Men also shouldn’t get a treat for embracing basic fairness. In the op-ed, Sandberg and Grant argue that we have to go beyond “the usual focus…on fairness” and “articulate why equality is…the desirable thing for us all.” To all the men reading it, they make many promises: happier marriages, longer lives, and even more sex. If a more balanced, less conflicted partnership “isn’t exciting enough,” they write, men should consider this fact: “Couples who share chores equally have more sex.” One man asked his wife as he picked up a pile of dirty clothes whether he was doing “Lean In laundry,” which apparently means laundry that gets rewarded with sex.
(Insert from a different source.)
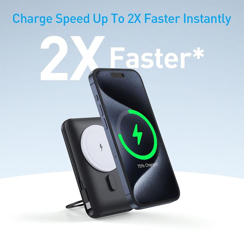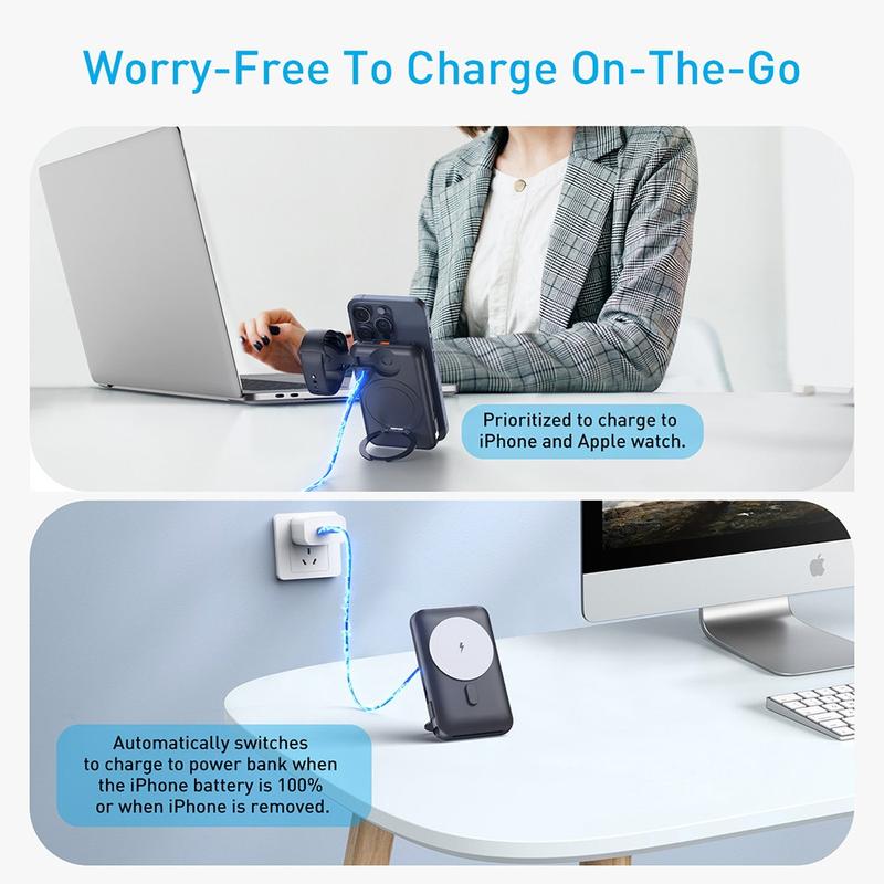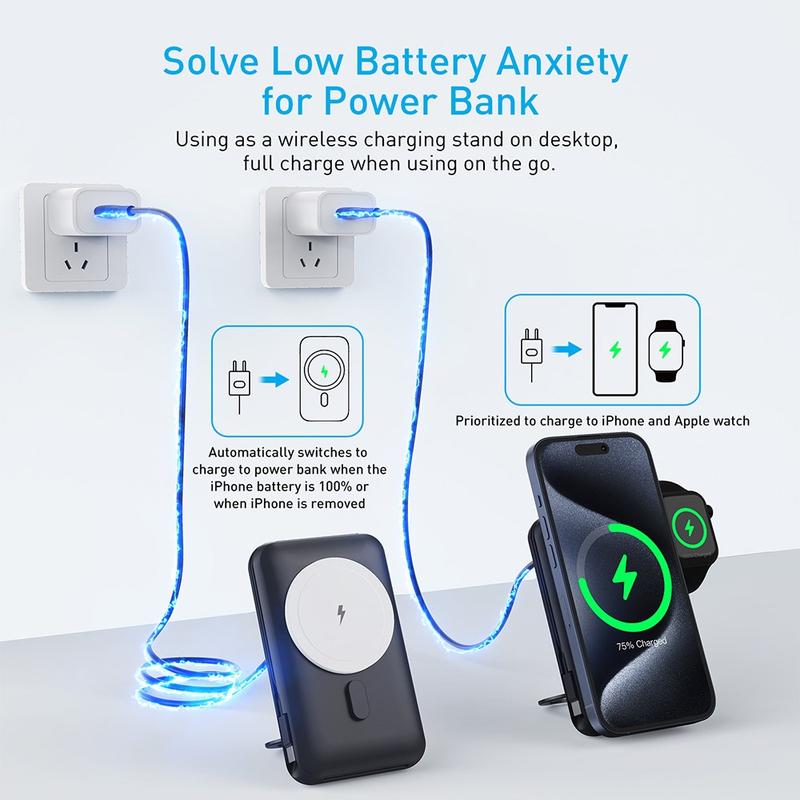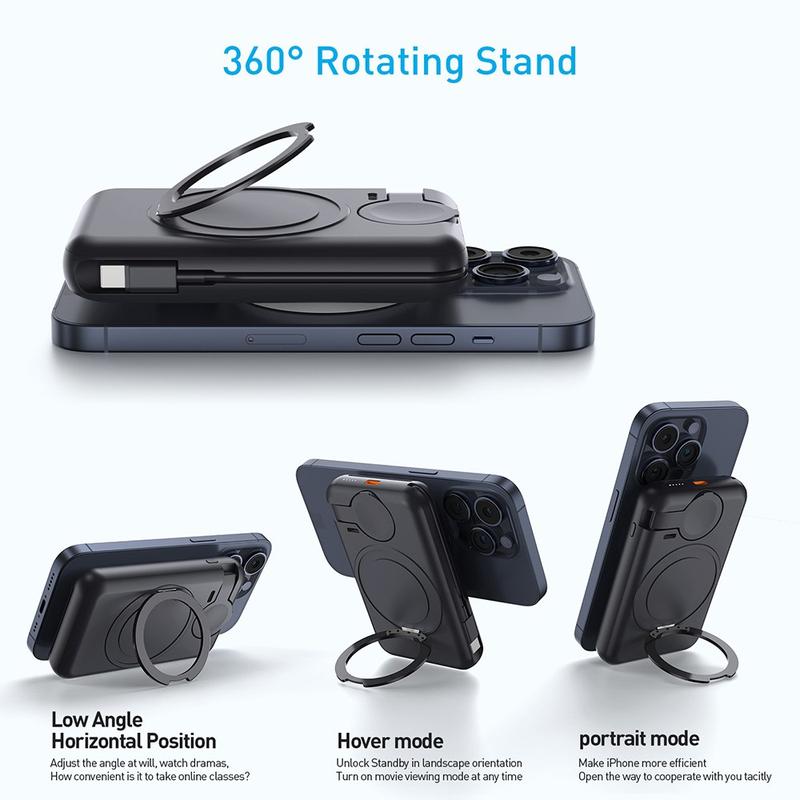 Wyróżnia się również tym, że łączy w sobie przenośność z najwyższą praktycznością. Funkcja ładowania magnetycznego ułatwia umieszczenie telefonu, wbudowany kabel zmniejsza bałagan, a obrotowa podstawka zapewnia poziom użyteczności, którego nie oferują wiele zwykłych powerbanków. Dla użytkowników, którzy chcą bardziej wszechstronnego i dopracowanego rozwiązania do ładowania przenośnego, jest to bardzo dobra opcja.

Beyond the disturbing, if societally pervasive, idea that sex is a prize women bestow on men and not an act they partake with equal desire, it tells men they are doing something special to be rewarded when they don’t act like lazy children.

Still, Lean In and Sandberg’s focus on men is welcome. Too many of these conversations are by and about women as if fathers don’t exist. But just as the original Lean In was criticized for focusing on the individual over the systemic—it mentions a lack of child care, paid leave, and flexibility at work while spending more time on the “barriers that exist within ourselves”—we have to think about systemic solutions that get men more involved and not just rely on them to voluntarily change our entire society.

One huge piece of that is paternity leave. When men take leave, truly remarkable things happen. They become more invested parents, which means they’re more likely to take on their half of the work raising a child later in its life. It also increases how much time they spend on other household duties, which gives mothers more time to work longer hours at full-time jobs. That also helps boost mothers’ wages.

But men need to be offered paid leave in order to take it and to see that it’s a common practice for other men to leave work when their children arrive. Currently, just 15 percent of American men get paid leave at their jobs.

The tug of war between having a family life and having a career is slowly but steadily becoming understood as not just afflicting women, but both genders. President Obama recognized as much in his recent State of the Union address when he called for affordable child care not to be seen “as a woman’s issue,” but as “the national economic priority that it is for all of us.” Lean In Together is a partial step toward a conversation that is gender neutral. But we can’t sugar coat what it will take to achieve real gender equality at home and at work.